Wednesday, November 17, 2010

Some indicators of corruption

Yesterday I was reading Mural, one of the better local dailies (there are five here), and I came upon this startling statistic: In the past 18 years, Mexico´s Secretary of Public Affairs has levied $3.3 billion dollars in fines (that´s correct, 40 billion pesos, or $3.3 billion dollars) against government officials for corruption.

That amounts to about $190 million dollars in fines a year against corrupt officials.

But the government has actually collected less than 1% of those fines. Why is the collection rate so bad? According to the article, the appeals process can be dragged out indefinitely, and, if it appears there will be a final resolution against the appelant in the case, he merely unloads all his assets so the fine can´t be collected.

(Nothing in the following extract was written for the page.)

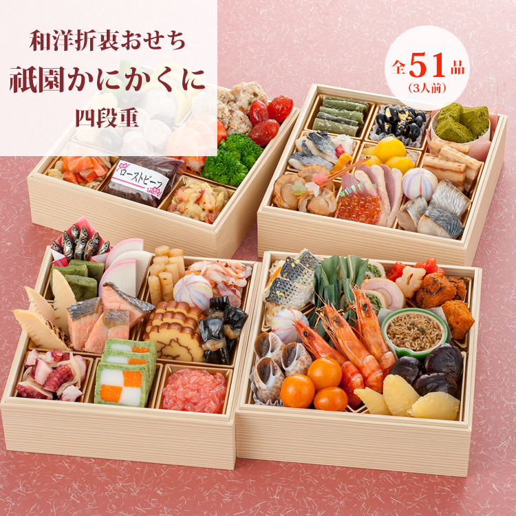 昔ながらの和のおせちに、お子様でも食べやすい洋風メニューも詰め込んだ和洋折衷おせちです。家族みんなで4段にぎっしりと詰まったメニューをお楽しみください。

Perfectly legal.

Unbid contracts represent 97% of the total

On the same front page was a story about the handling of public contracts under the mayor of Guadalajara, Aristóteles Sandoval, who was recently elected on an anti-corruption platform.

As it turns out, the new regime has a worse record than the previous one in terms of awarding contracts not subject to a public bidding process. Under Sandoval, direct contract awards, made by the head of public works, represent 70% of total contracts, and another 27% are awarded to invited bidders.



Evidently the rules that require public bidding are open to interpretation. Juan Carlos Uranga, secretary of public works, says he alone decides who gets contract awards and who gets invited to make proposals for these unbid contracts. "And there is nothing untoward about it," he says.

The previous administration had 13% of contracts open to public bid, compared to this administration´s 3%.